C.H. Ali Ashraf of Robinson, the director of North American Ocean Services, and Greg Scott of LCL, the global director, offer their insights into current ocean spot rates, as rates continue to increase despite disruption. Shippers can expect volatility to continue.
This is a summary of the market and what shippers should know to navigate it effectively
Shippers were right to expect that this year would be a buyers’ market for ocean freight after carriers increased capacity last year, and were expected to do so again in 2024. A combination of global events and high trade lanes demand has driven ocean freight rates up and capacity down in Q2 2024.
Shippers are particularly challenged because they were unable to secure enough space for long-term contracts when ocean carriers set strict deadlines and/or limited allocations to finalize deals in early May. Now they are wondering how to move their goods on schedule without breaking the bank.
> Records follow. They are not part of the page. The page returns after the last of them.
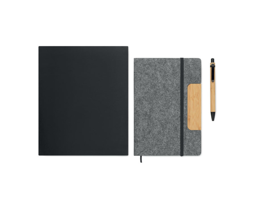 Твердая обложка из экологичного материала RPET не только защищает ваши записи, но и демонстрирует заботу о природе. Внутри вас ждут 160 линованных страниц из переработанной бумаги — каждая из них готова стать местом для ваших идей, планов или вдохновляющих заметок. Эластичный ремешок надежно фиксирует блокнот, а закладка-лента поможет быстро найти нужную страницу. Но это еще не все! В комплекте идет бамбуковая шариковая ручка с синими чернилами — стильный аксессуар, который подчеркнет ваш статус и внимание к деталям.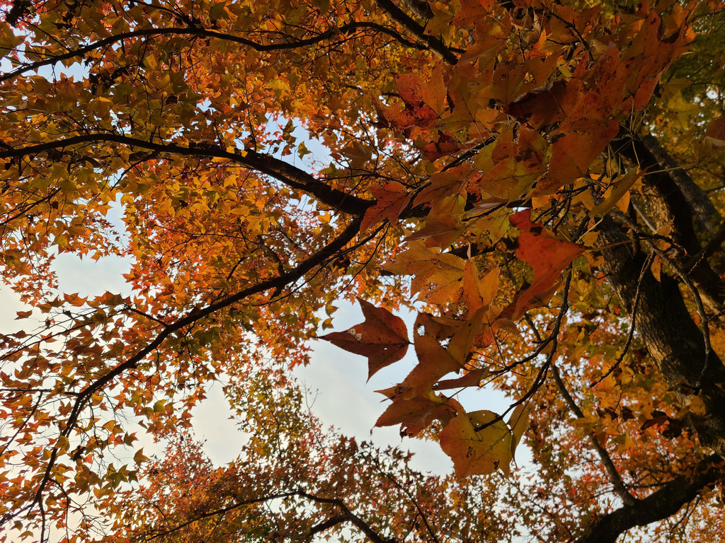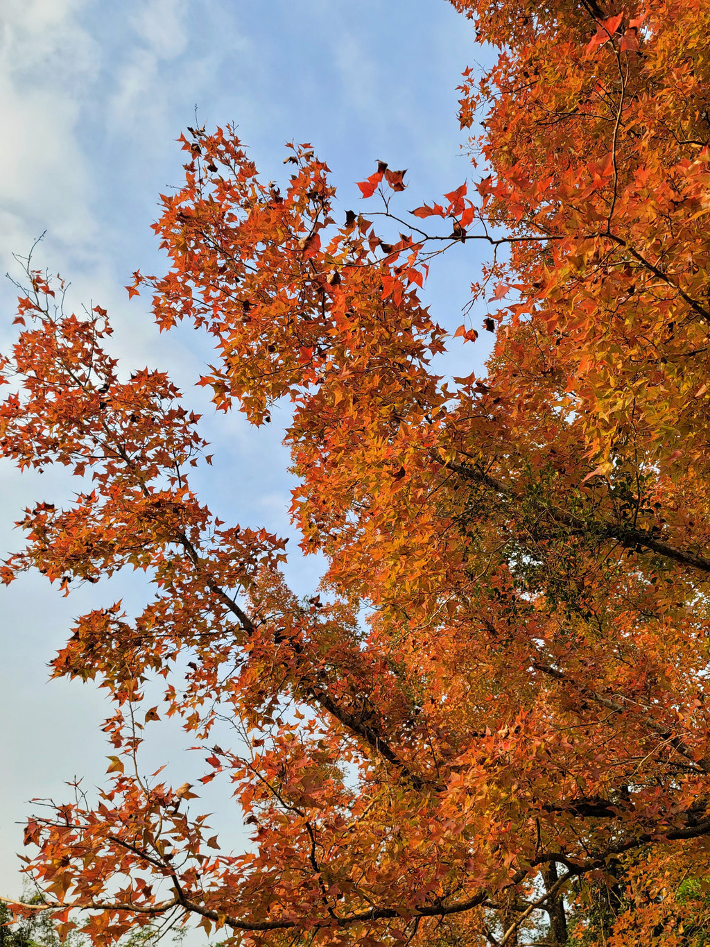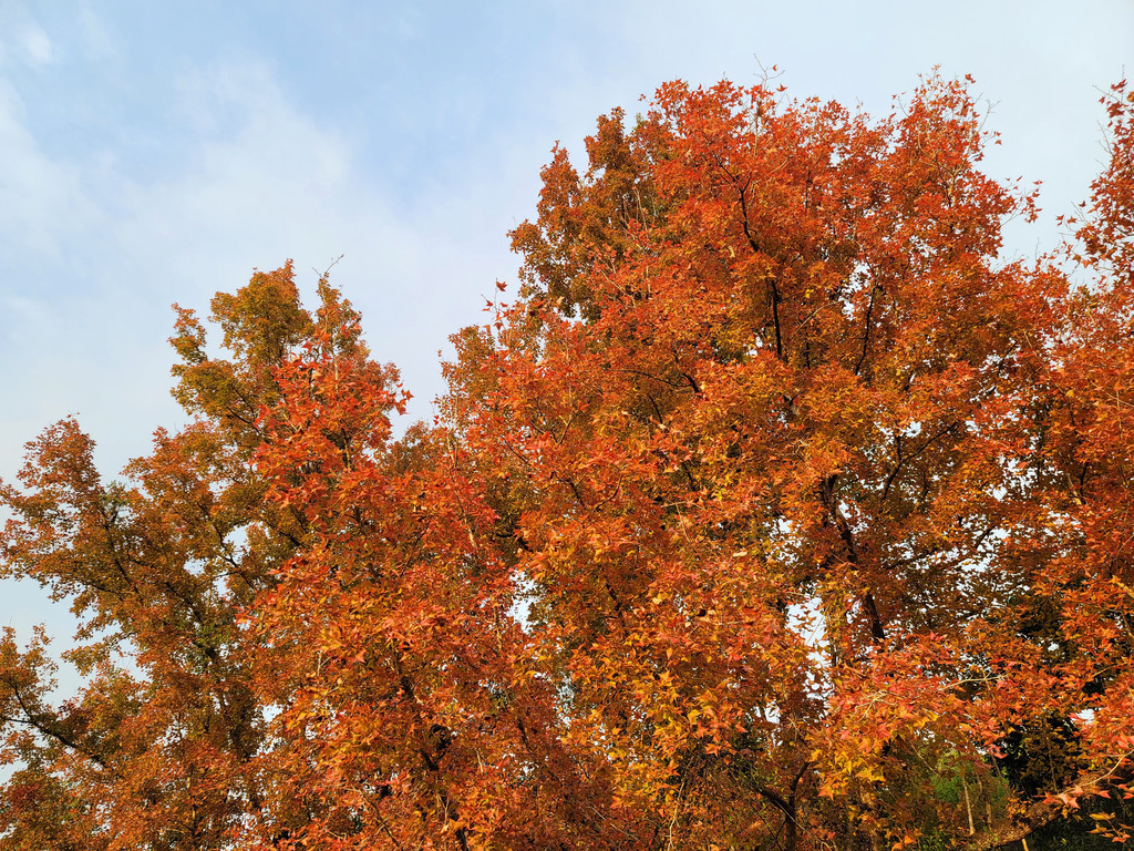 行程的最后,距离乌蛟腾不远的九担租附近,偶遇上一片的红叶树林,虽然转变了颜色的树木数量不多,但是数棵树木的叶子基本都转成了橙红色,在满山青翠之中份外显眼,引得无数游人流连。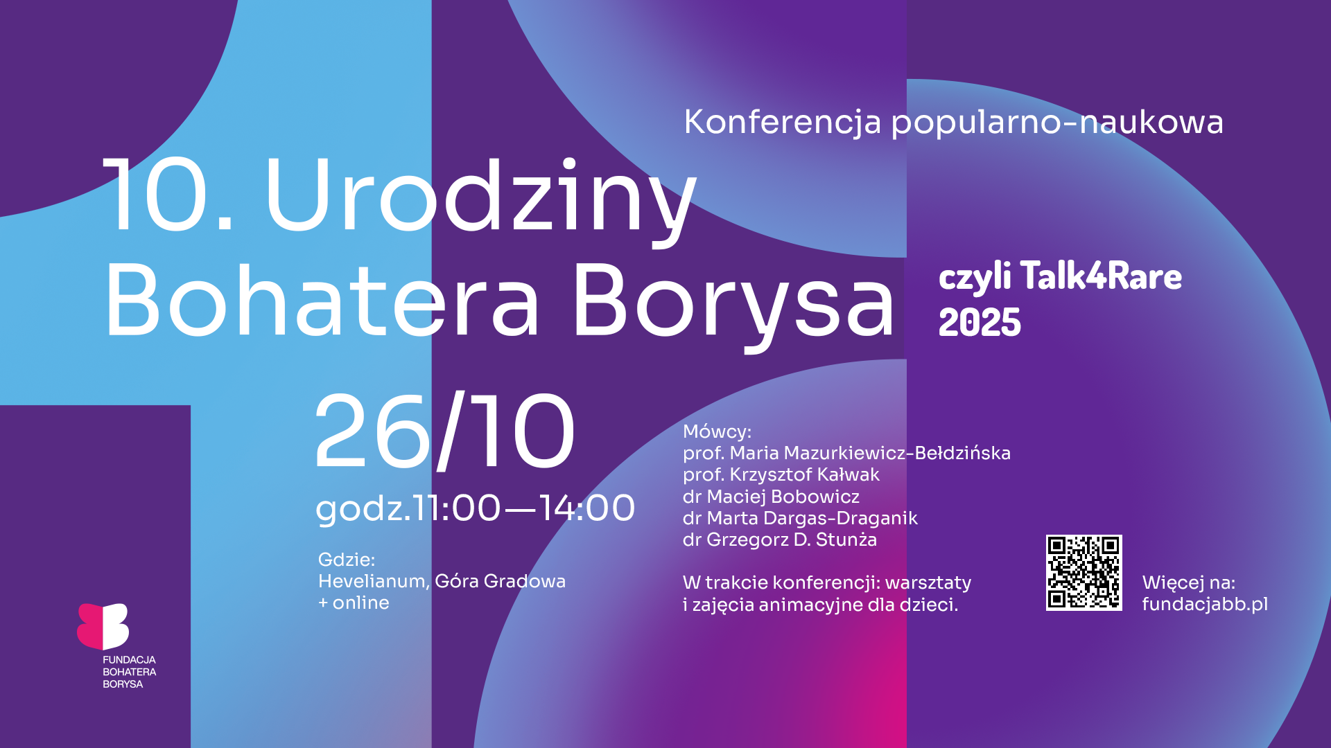 26 października 2025 r. o godz. 11:00 w Hevelianum w Gdańsku odbędzie się konferencja „Urodziny Bohatera Borysa | Talk4Rare”. To cykliczne wydarzenie służy budowaniu wiedzy i świadomości społecznej o chorobach rzadkich – ich diagnozowaniu, terapiach oraz codziennych wyzwaniach rodzin, których dotyczą.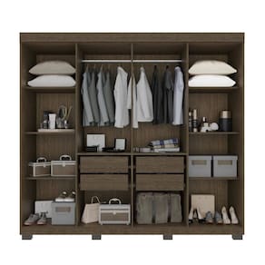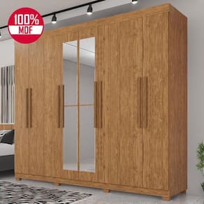 Altura: 226 cm | Largura: 243 cm | Material da Estrutura: 100% MDF | Possui Espelho: Sim | Profundidade: 45 cm | Quantidade de Gavetas: 4 gavetas | Quantidade de Portas: 8 Portas | Tipo de Portas: Bater Cor: Cinamomo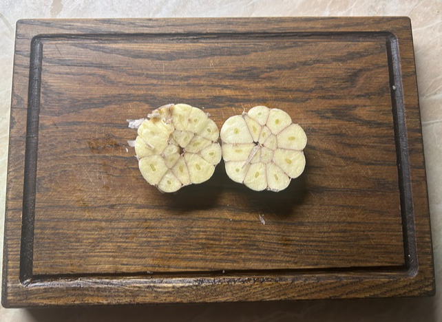 Разрезаем чеснок пополам, ниже на фото будет понятно, стараемся не дать зубчикам развалиться.
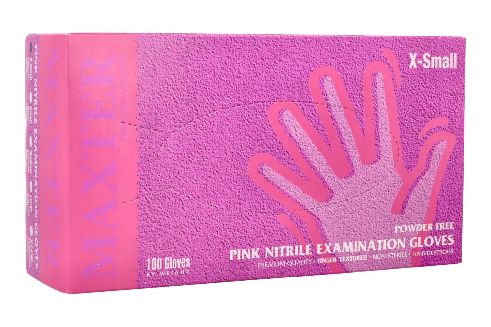 Opakowanie zawiera: Rękawiczki nitrylowe różowe MAXTER 100 szt. w wybranym wariancie.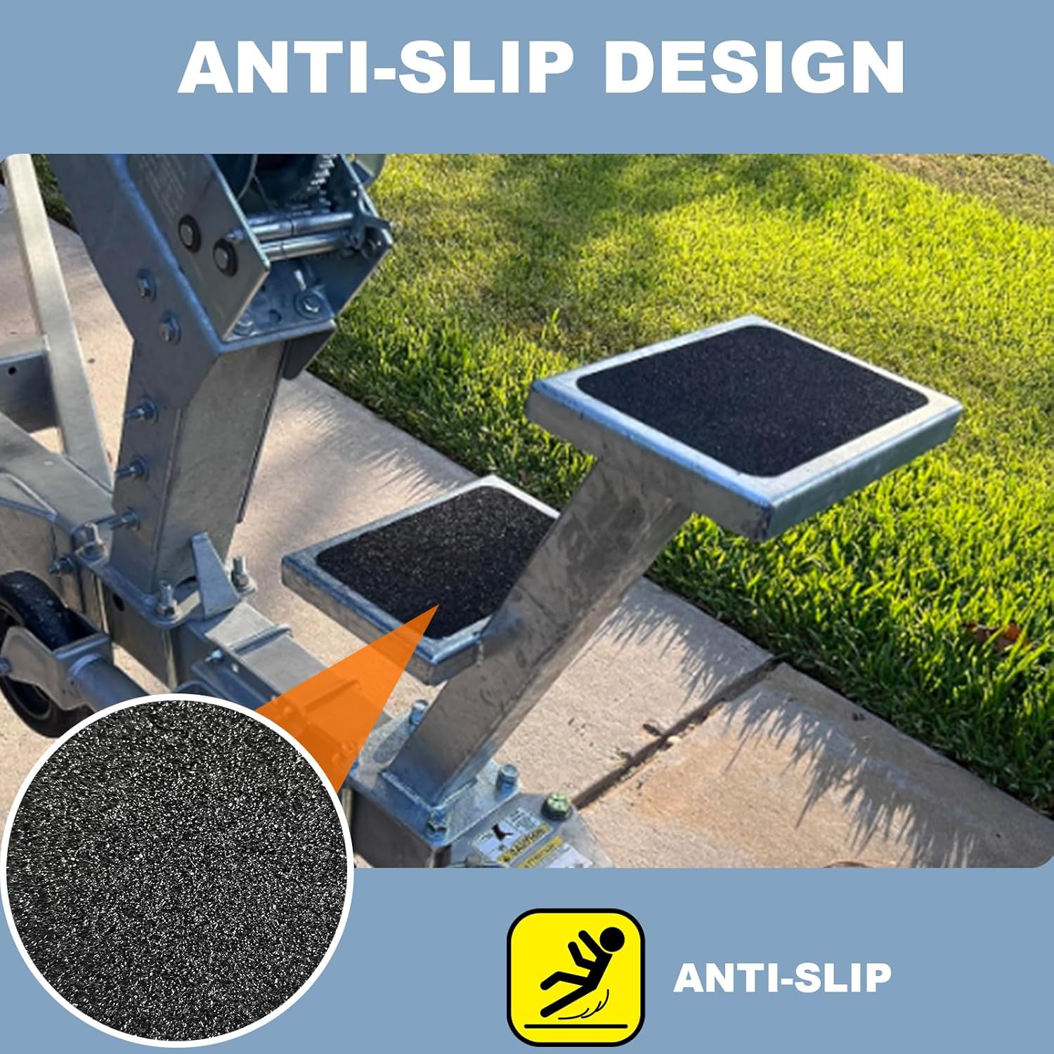 - High Quality: The trailer step is made of heavy duty steel with galvanized coat, which is resistant to rust and corrosion.

If they have cargo in Asia and it needs to be moved now, ocean rates or air rates will be higher. Shippers can still manage costs and create flexibility with their shipping strategy for shipments which do not need to be moved immediately.
Rough waters
The frenetic race to the finish that we saw in contract season is still going on this year, amid a lot turbulence.
In the second half April and into mid-May the demand for space on Asia to U.S. ocean ships started to increase at a moment when some carriers used blank sailings to reduce capacity as a response to the lower demand after the Chinese New year. The market was also surprised by the increase in demand for other trade lanes such as exports to Europe and Latin America from Asia.
The additional capacity introduced to the market in the first half of the year and last year was not enough to cover the rerouting of Cape of Good Hope. The carriers have looked to the charter market for the additional capacity required. We are now seeing new strings and additional loaders being added to the U.S. West Coast.
As of today, there is no additional capacity heading to the U.S. East Coast and Gulf Coast in terms of new string or even extra loaders. Due to the Cape of Good Hope reroutings, some carriers that planned to add new capacity to these lanes moved their vessels to the Asia-Europe trade lanes as more assets were needed there and congestion was affecting that lane at an increased rate.
Due to the current market conditions, spot rates continued to rise last month. In May, rates from China to North Europe tripled, while rates to the U.S. East Coast doubled. Rates have continued to rise this month and carriers now offer premium services to secure space to priority cargo.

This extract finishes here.